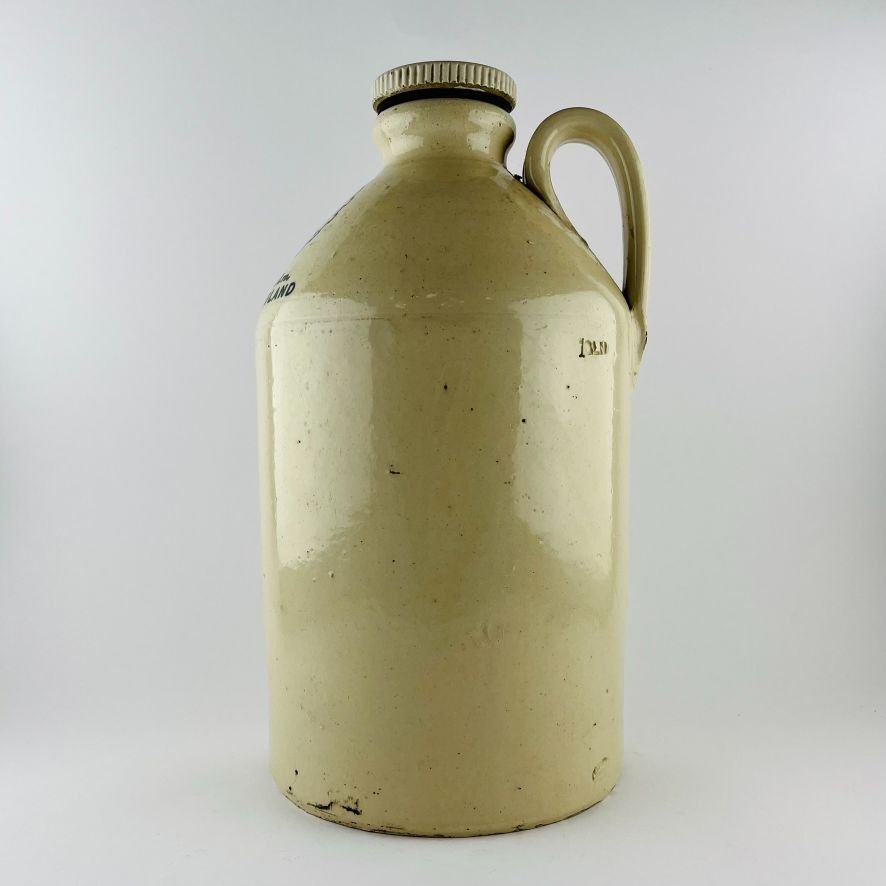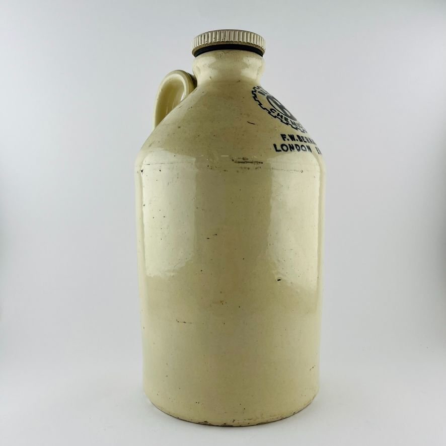 Botellón inglés de gres de un galón. Con tapón rosca en gres y asa, con inscripción estampada en negro. «Berk Chemicals. F.W. BERK and Co. Ltd. London. England.» Alto 35 cm.
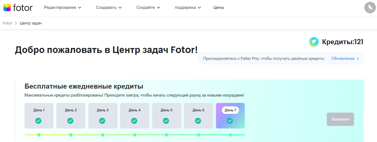 Но с недавних пор на Fotorе стали выдавать кредиты по-другому и, если заходить ежедневно, то можно даже получить не два, а сразу двадцать кредитов.
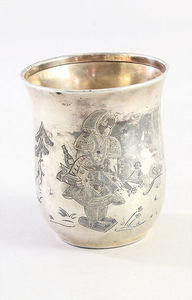 Becher 30/40er Jahre, Silber 835/000, Handgravur: Mädchen in Tracht mit Picknikkorb, H = 68 mm, total 57,3 g
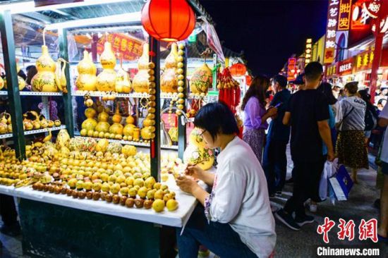 7月29日,游客在敦煌旅游工藝品一條街上漫步,體驗濃郁的民俗風(fēng)情和敦煌文化?!⊥醣筱y 攝
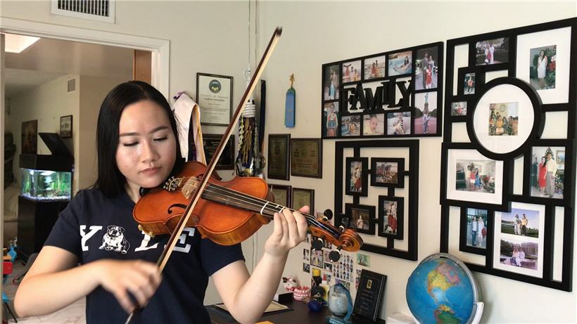 Ngoài piano, Hillary còn chơi được cả đàn violon. (Hình: Thanh Long/Người Việt)
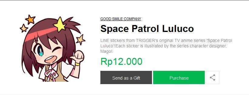 Dan kali ini seri anime ini turut serta hadir dalam aplikasi perpesanan instan Line dalam bentuk stiker. Stiker dari seri anime Space Patrol Luluco ini menampilkan aksi dari para karakter seperti Luluco, Alpha Omega Nova, serta kepala polisi antar galaksi, Over Justice yang siap mewarnai chat anda. Stiker ini dapat diperoleh hanya dengan 50 line coin atau seharga Rp12.000. Stiker ini juga sudah bisa dibeli di Indonesia.
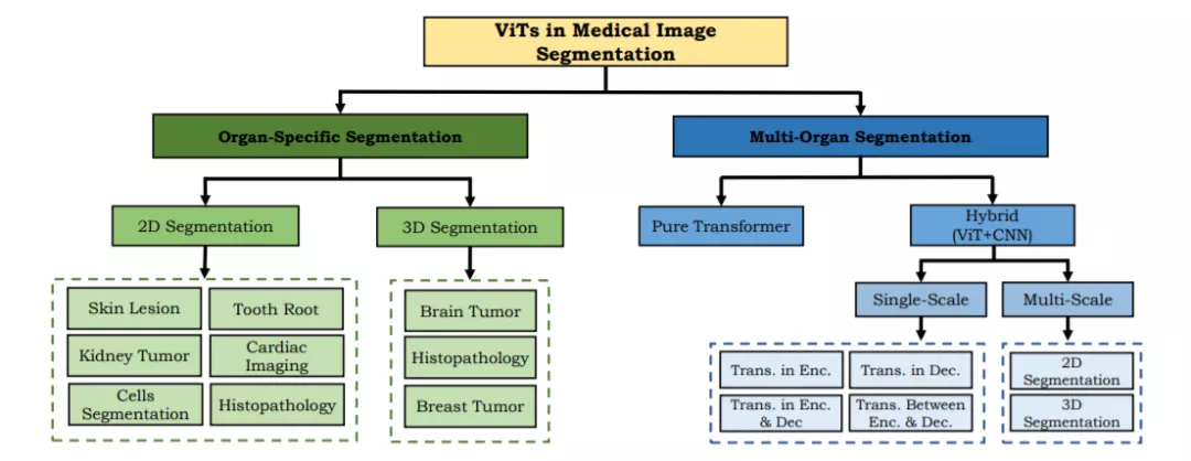 精确的医学图像分割是计算机辅助诊断、图像引导手术和治疗规划的关键步骤。Transformer的全局上下文建模能力对于精确的医学图像分割至关重要,因为通过建模空间距离远的像素之间的关系(例如,肺分割),可以有效地对分布在大接收域上的器官进行编码。此外,医学扫描的背景通常是分散的(如超声扫描[94]);因此,学习与背景相对应的像素之间的全局上下文可以帮助模型防止误分类。下面,我们将重点介绍在医学图像分割中整合基于ViT模型的各种尝试。鉴于两组方法所需的上下文建模水平不同,大致将基于vit的分割方法分为器官特异性和多器官类别,如图5所示。
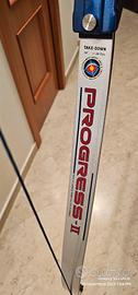 vendesi arco Samick Progress 2 - 70" 38lbs destro riser in lega, completo di accessori: mirino, bottone, stabilizzatore completo, faretra, parabraccio (2 lungo e corto), tubo portafrecce, frecce varie (alluminio e carbonio) borsa in tessuto più altri accessori.
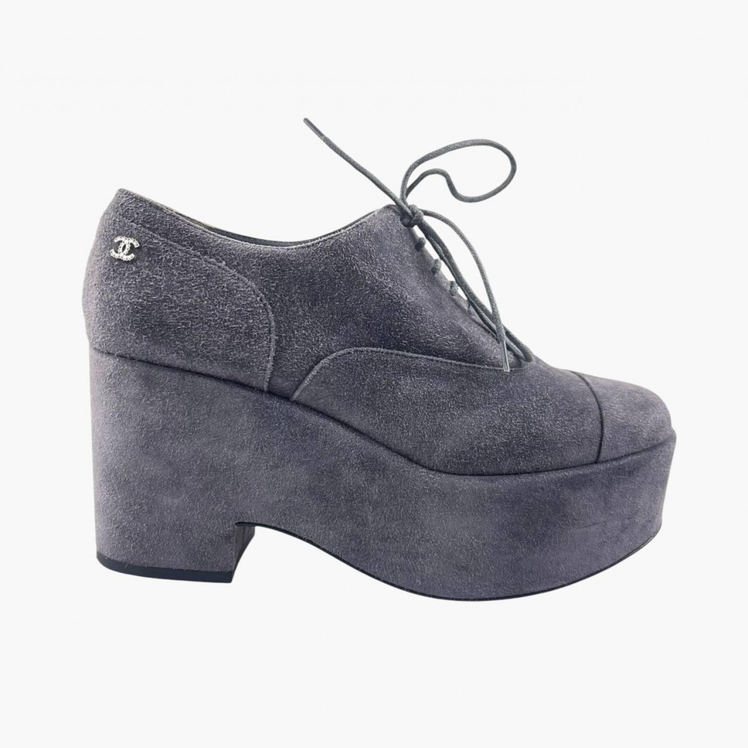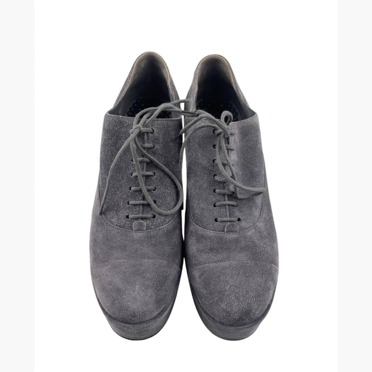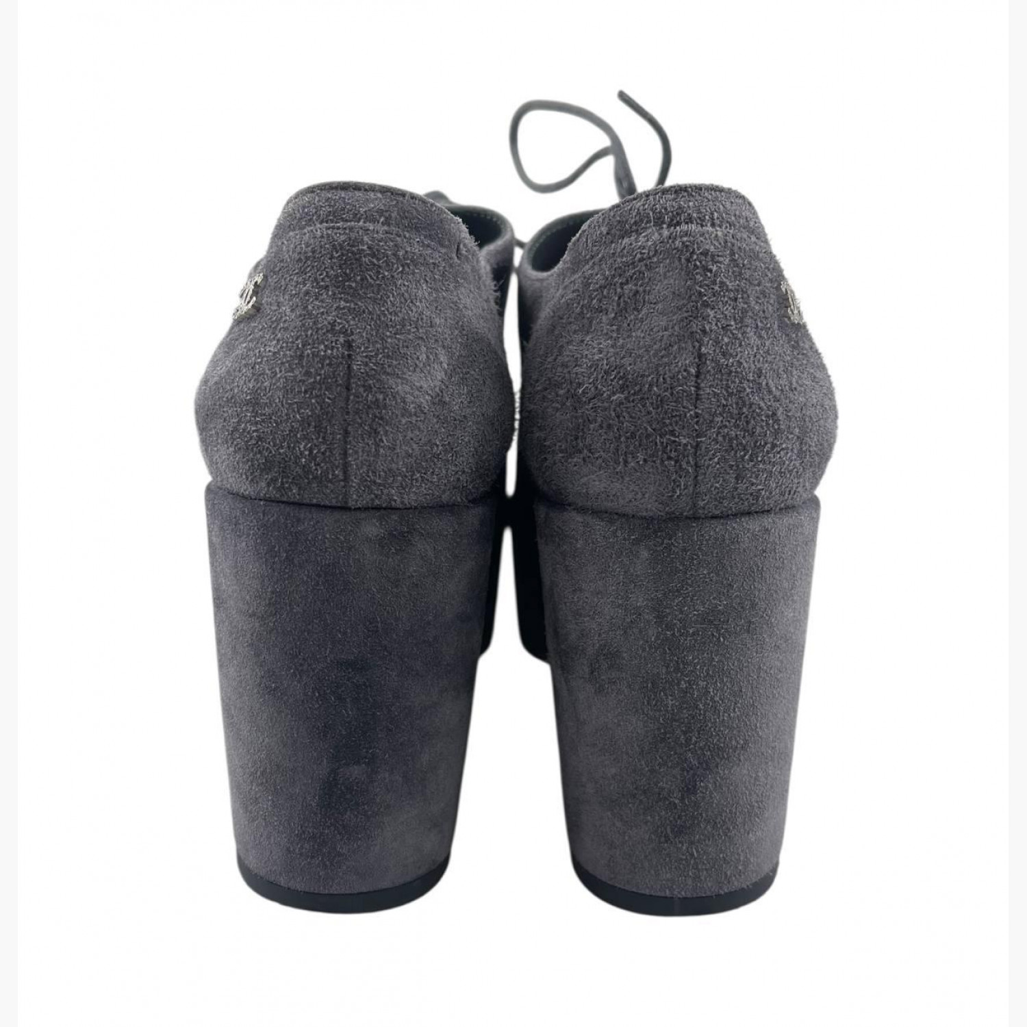 Сірі замшеві броги на високих підборах, у хорошому стані, є потертості.

• **What the exercise asks**
Output an exact copy of the lines from the one with "Dan kali ini" through the closing line of the records, inclusive, without any images.

• **Output of the exercise**
 Dan kali ini seri anime ini turut serta hadir dalam aplikasi perpesanan instan Line dalam bentuk stiker. Stiker dari seri anime Space Patrol Luluco ini menampilkan aksi dari para karakter seperti Luluco, Alpha Omega Nova, serta kepala polisi antar galaksi, Over Justice yang siap mewarnai chat anda. Stiker ini dapat diperoleh hanya dengan 50 line coin atau seharga Rp12.000. Stiker ini juga sudah bisa dibeli di Indonesia.
 精确的医学图像分割是计算机辅助诊断、图像引导手术和治疗规划的关键步骤。Transformer的全局上下文建模能力对于精确的医学图像分割至关重要,因为通过建模空间距离远的像素之间的关系(例如,肺分割),可以有效地对分布在大接收域上的器官进行编码。此外,医学扫描的背景通常是分散的(如超声扫描[94]);因此,学习与背景相对应的像素之间的全局上下文可以帮助模型防止误分类。下面,我们将重点介绍在医学图像分割中整合基于ViT模型的各种尝试。鉴于两组方法所需的上下文建模水平不同,大致将基于vit的分割方法分为器官特异性和多器官类别,如图5所示。
 vendesi arco Samick Progress 2 - 70" 38lbs destro riser in lega, completo di accessori: mirino, bottone, stabilizzatore completo, faretra, parabraccio (2 lungo e corto), tubo portafrecce, frecce varie (alluminio e carbonio) borsa in tessuto più altri accessori.
 Сірі замшеві броги на високих підборах, у хорошому стані, є потертості.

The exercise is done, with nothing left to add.